Weight Norm Trajectories and Mechanistic Insights
All studied configurations (activations, architectures, optimizers) exhibit convergence to a common RMS weight norm threshold at the grokking step (ΔT0 for width 512), independent of rate of convergence. Activation functions modulate the rate at which this threshold is attained (with GELU accelerating the process), but the threshold itself is configuration-invariant (Figure 6).
Figure 6: Across models and activations, grokking consistently coincides with convergence to a fixed weight norm threshold rather than any particular architecture-dependent solution.
Structured Solutions in Embedding Space
Post-grokking, both MLPs and Transformers encode modular arithmetic via highly sparse Fourier representations in their input embeddings, confirming a mechanistic connection to prior mechanistic interpretability results. Transformers achieve higher frequency concentration (98.5% in top-5 frequencies) than MLPs (~75%), but both model classes ultimately discover comparable algorithmic representations, and activation choice has negligible effect on solution sparsity (Figure 7).
Figure 7: All models ultimately encode modular structure through a compact Fourier basis; degree of spectral concentration is highest for Transformers.
Task Generalization: Modular Multiplication
Replication of architecture and activation findings on modular multiplication demonstrates that the core observations persist across related algorithmic tasks (Figure 8). Both MLP advantage and GELU acceleration are replicated, with both models grokking faster on multiplication than addition.
Figure 8: Architecture and activation effects generalize to modular multiplication; both model types grok faster relative to addition.
Implications and Theoretical Impact
These results provide strong evidence that the phenomenology of grokking is not fundamentally architecture-dependent but rather emerges from the interaction of optimizer dynamics and regularization. Architectural variations (depth, residual connections, attention) matter primarily in their effect on stability and the accessible weight norm trajectory. The existence of a consistent critical weight norm threshold for generalization highlights the primacy of norm-based implicit bias in learning dynamics, consistent with theoretical accounts linking generalization to loss landscape structure and gradient flow.

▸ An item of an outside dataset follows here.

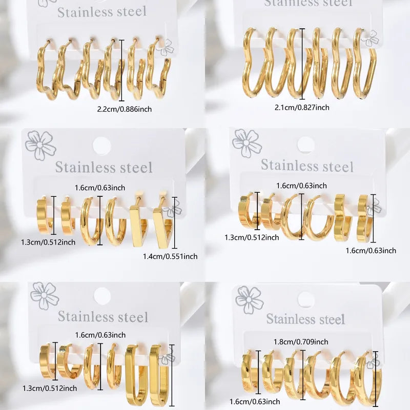 Set Arracadas Doradas Acero Inoxidable

For practice, this suggests that to induce or accelerate grokking (and by extension, algorithmic generalization in neural networks), tuning weight decay and ensuring architectural stability should take precedence over architectural innovation. For theory, the results point to the necessity of frameworks that explicitly account for the optimizer–regularization–architecture triad, rather than focusing on architecture in isolation.
Future Directions
Several promising directions emerge:
- Extending these systematic studies to more complex and realistic datasets (beyond modular arithmetic) to probe the universality of the observed regularization-optimality regime.

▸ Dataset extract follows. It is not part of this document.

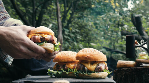СУПЕР СОЧНЫЕ БЕКОНОВЫЕ БУРГЕРЫ С НАЧИКОЙ В КОТЛЕТЕ НА КОСТРЕ НА ПРИРОДЕ

- Deeper mechanistic interpretability of the weight norm threshold and its link to loss landscape topology or margin-based generalization.

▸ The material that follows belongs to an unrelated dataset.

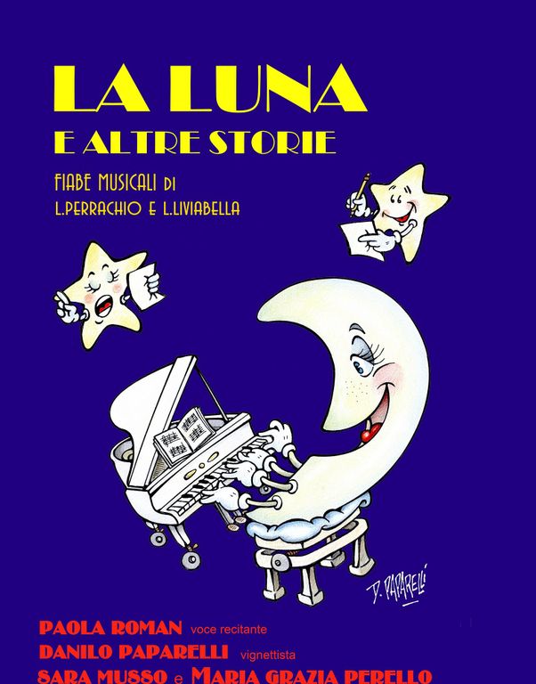 La luna e altre storie è uno spettacolo in cui le storie vengono narrate, illustrate e sonorizzate. Il racconto e le illustrazioni sono forme artistiche da sempre molto vicine al mondo dei bambini, concorrono ad attirarne l’attenzione, suggeriscono immagini, guidano e accompagnano gli spettatori nella storia, mentre la musica sottolinea i momenti salienti delle vicende. Sul palco l’attrice Paola Roman racconta le storie, interpretando le voci dei tanti personaggi che le animano, in alternanza alla musica. Proprio quando il racconto tace e la musica commenta con i suoni le azioni e le emozioni dei personaggi (al pianoforte Sara Musso e Maria Grazia Perello), ecco che il vignettista Danilo Paparelli si mette all’opera. I suoi disegni prendono forma sulla lavagna luminosa e, poco alla volta, sullo schermo appaiono le persone, gli animali e gli oggetti delle storie. C’era una volta un paese dove la notte era sempre buia e il cielo si stendeva sulla terra come un drappo nero … così inizia il racconto de “La luna e altre storie”.

- Detailed analysis of the slingshot dynamics and the higher seed variance observed in Transformers, elucidating the interplay between self-attention and implicit regularization mechanisms.
- Further probing the non-monotonicity in depth dependence and the systematics of optimization-induced barriers to generalization in larger/deeper models.
Conclusion
This systematic empirical study demonstrates that the onset and timing of grokking in neural networks are dominated by regularization and optimization stability, not architectural idiosyncrasies. Critical insights include the existence of a universal weight norm threshold for generalization, a sharply regularization-dependent regime for successful grokking, and the conditional nature of activation function advantages. These findings recalibrate the interpretation of prior architecture-centric conclusions, reinforce the mechanistic link between weight norms and generalization, and offer practical guidance for inducing and investigating grokking in algorithmic and potentially broader learning settings.